Migone Thi-Sau, Subramanian G Mani, Zhong John, Healey Letha M, Corey Al, Devalaraja Matt, Lo Larry, Ullrich Stephen, Zimmerman Janelle, Chen Andrew, Lewis Maggie, Meister Gabriel, Gillum Karen, Sanford Daniel, Mott Jason, Bolmer Sally D
Human Genome Sciences, Rockville, MD 20850, USA.
N Engl J Med. 2009 Jul 9;361(2):135-44. doi: 10.1056/NEJMoa0810603.
Inhalational anthrax caused by Bacillus anthracis is associated with high mortality primarily due to toxin-mediated injury. Raxibacumab is a human IgG1lambda monoclonal antibody directed against protective antigen, a component of the anthrax toxin.
We evaluated the efficacy of raxibacumab as a prophylactic agent and after disease onset in a total of four randomized, placebo-controlled studies conducted in rabbits and monkeys. Animals were exposed to an aerosolized target exposure of B. anthracis spores that was approximately 100 times (in the prophylactic studies) and 200 times (in the therapeutic-intervention studies) the median lethal dose. In the therapeutic-intervention studies, animals were monitored for the onset of symptoms. Animals with detectable protective antigen in serum, a significant increase in temperature, or both received a single intravenous bolus of placebo or raxibacumab at a dose of either 20 mg per kilogram of body weight or 40 mg per kilogram. The primary end point was survival at day 14 (in rabbits) or at day 28 (in monkeys). Safety studies were conducted with intravenous raxibacumab (40 mg per kilogram) in 333 healthy human volunteers.

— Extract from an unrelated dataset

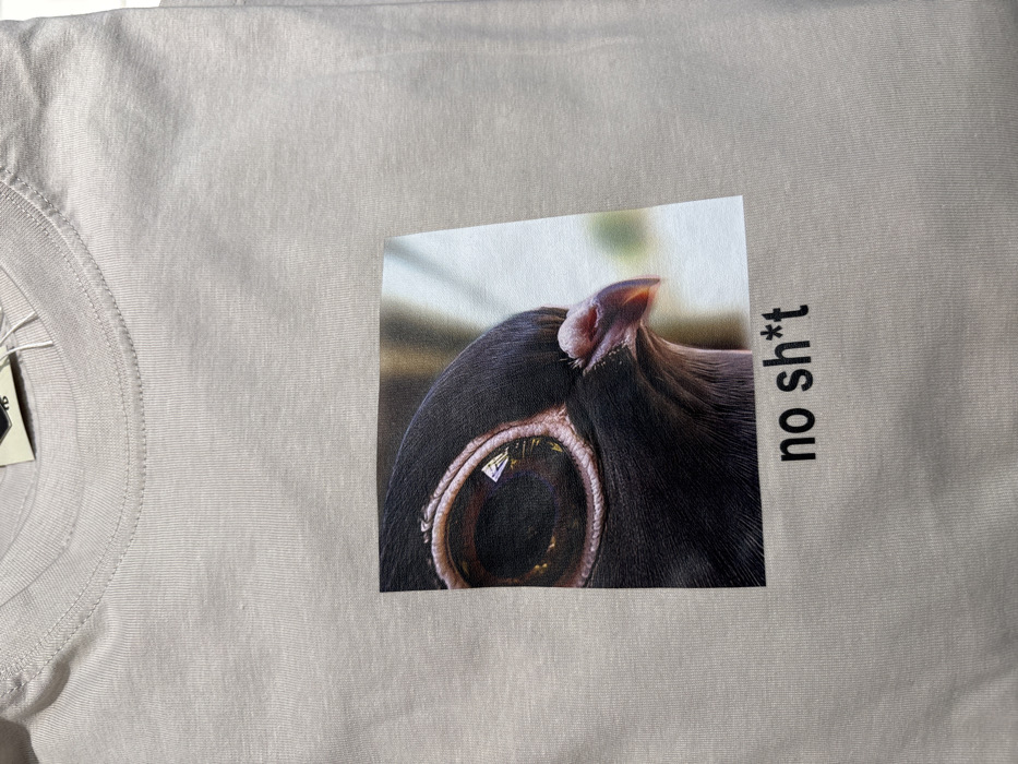 A light beige, short-sleeved, crew-neck t-shirt is displayed, folded flat and photographed from a slightly overhead perspective. Centered on the chest area is a rectangular graphic print depicting a close-up, profile view of the right side of a dark-feathered pigeon's head. The pigeon's prominent brown eye with a dark pupil reflects a multi-paned light source. The area around the eye and the cere above its pale reddish-brown beak exhibit pinkish tones. The head feathers are a dark, muted grey-black. The background within the print is a blurred composition of light green and beige. Below the graphic, the phrase "no sh*t" is printed in black, lowercase sans-serif font. The t-shirt's ribbed collar is visible at the top, along with an interior black size tag (partially visible as "XL") and an attached white retail tag secured by a plastic fastener. The t-shirt rests on an indistinct flat, light-colored surface. The specific location in Plovdiv, Bulgaria, cannot be determined from the visual information provided.

In both rabbits and monkeys, the time to detection of protective antigen correlated with the time to bacteremia (r=0.9, P<0.001). In the therapeutic-intervention studies, the survival rate was significantly higher among rabbits that received raxibacumab at a dose of 40 mg per kilogram (44% [8 of 18]) than among rabbits that received placebo (0% [0 of 18]; P=0.003). Raxibacumab treatment also significantly increased survival in monkeys (64% [9 of 14], vs. 0% [0 of 12] with placebo; P<0.001). In human subjects, intravenous raxibacumab at a dose of 40 mg per kilogram had a half-life of 20 to 22 days and provided a maximum concentration of the drug in excess of levels that are protective in animals. Concentrations of raxibacumab provide a surrogate end point that should be predictive of clinical benefit.
A single dose of raxibacumab improved survival in rabbits and monkeys with symptomatic inhalational anthrax. (ClinicalTrials.gov number, NCT00639678.)
炭疽芽孢杆菌引起的吸入性炭疽主要因毒素介导的损伤而导致高死亡率。瑞昔单抗是一种针对炭疽毒素成分保护性抗原的人IgG1λ单克隆抗体。
我们在总共四项针对兔和猴的随机、安慰剂对照研究中评估了瑞昔单抗作为预防剂以及在疾病发作后的疗效。动物暴露于雾化的炭疽芽孢杆菌孢子靶暴露剂量,该剂量在预防研究中约为半数致死剂量的100倍,在治疗干预研究中约为200倍。在治疗干预研究中,对动物进行症状发作监测。血清中可检测到保护性抗原、体温显著升高或两者兼有的动物接受单次静脉推注安慰剂或瑞昔单抗,剂量为每千克体重20毫克或40毫克。主要终点是第14天(兔)或第28天(猴)的存活情况。在333名健康人类志愿者中进行了静脉注射瑞昔单抗(每千克体重40毫克)的安全性研究。
在兔和猴中,检测到保护性抗原的时间与发生菌血症的时间相关(r = 0.9,P < 0.001)。在治疗干预研究中,接受每千克体重40毫克瑞昔单抗治疗的兔的存活率(44% [18只中的8只])显著高于接受安慰剂的兔(0% [十八只中的0只];P = 0.003)。瑞昔单抗治疗也显著提高了猴的存活率(64% [14只中的9只],而安慰剂组为0% [12只中的0只];P < 0.001)。在人类受试者中,每千克体重40毫克的静脉注射瑞昔单抗半衰期为20至22天,药物的最大浓度超过了在动物中具有保护作用的水平。瑞昔单抗的浓度提供了一个替代终点,应能预测临床益处。
单剂量瑞昔单抗提高了有症状吸入性炭疽兔和猴的存活率。(临床试验注册号,NCT00639678。)